By Tarana Emmanuel Jun. 16, 2019
Even before I became a 23-year-old self-identifying feminist, my dad had already defined masculinity for me in ways that the world needed to realise and understand, through actions like helping my mother with housework, and expressions of emotion, including tears.
Istill clearly remember that lazy Sunday afternoon — Kishore Kumar songs were playing on our music system and the aroma of my mom’s homemade chicken biryani had wafted from the kitchen and filled our entire house. As a 10-year-old, I was lurking around the kitchen to get a bite of the biryani before everyone else, when my dad walked in and sat down on the dining table. On any other Sunday, he would be seen humming songs happily or playfully helping my mom with housekeeping chores, but today he seemed low-spirited, dejected, and lost.
My mom, who could read his mind in a matter of seconds, sat down next to him and asked him what was wrong. What followed was, I saw my dad weeping and sobbing for the next one hour. He held onto my mom as if his life depended on it and just cried. For all of you wondering what earth-shattering thing would have happened for a 45-year-old grown man to cry like that in front of his 10-year-old daughter and wife — he was crying because he was missing his departed father (my grandfather) a lot on that particular day.

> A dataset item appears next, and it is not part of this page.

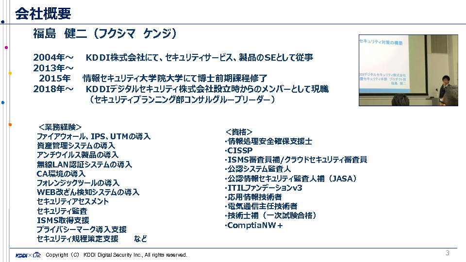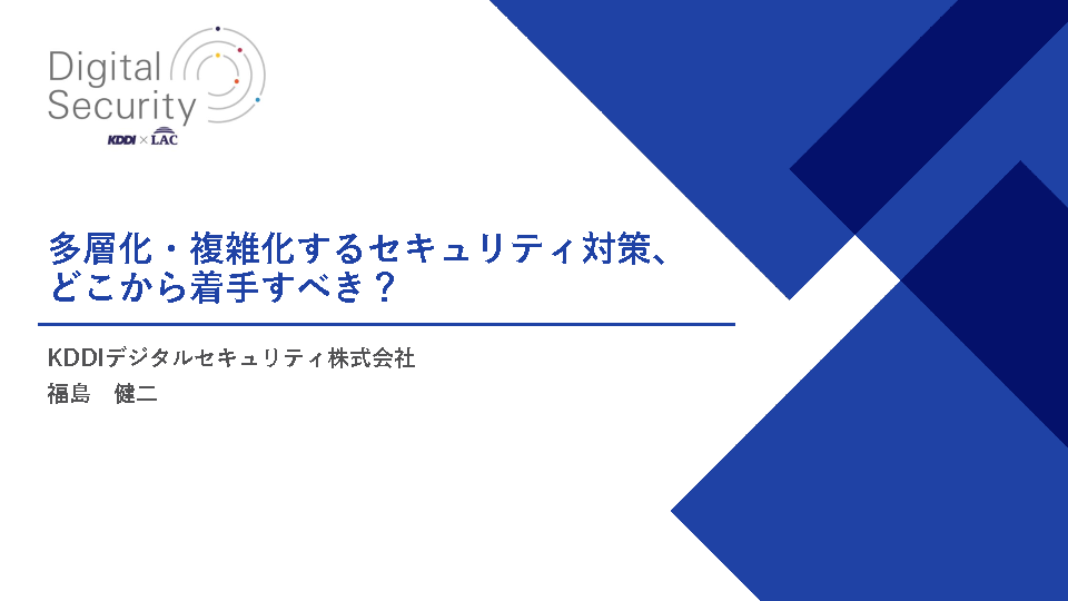 13:05~13:45 多層化・複雑化するセキュリティ対策、どこから着手すべき?~ 短期間で自社のセキュリティ対策を洗い出す簡易アセスメント「クイックアセス」のご紹介 ~

That was my first memory as a child of seeing my dad cry. From then on, I would see him cry and be vulnerable on several occasions, every time he felt heartbroken and couldn’t contain it. Later in life, when I would see elaborate ads and media campaigns proclaiming “Men don’t cry”, I would realise that through his actions and expressions, my dad had already defined masculinity for me in ways that the world needed to realise and understand.
As a 23-year-old, I don’t just identify myself as a feminist but I am also actively involved with organisations working for women’s rights and empowerment. But that’s today. In the past, as a teenager, there was a time when I had no understanding of what feminism meant, or what the nuances of gender-based discrimination were.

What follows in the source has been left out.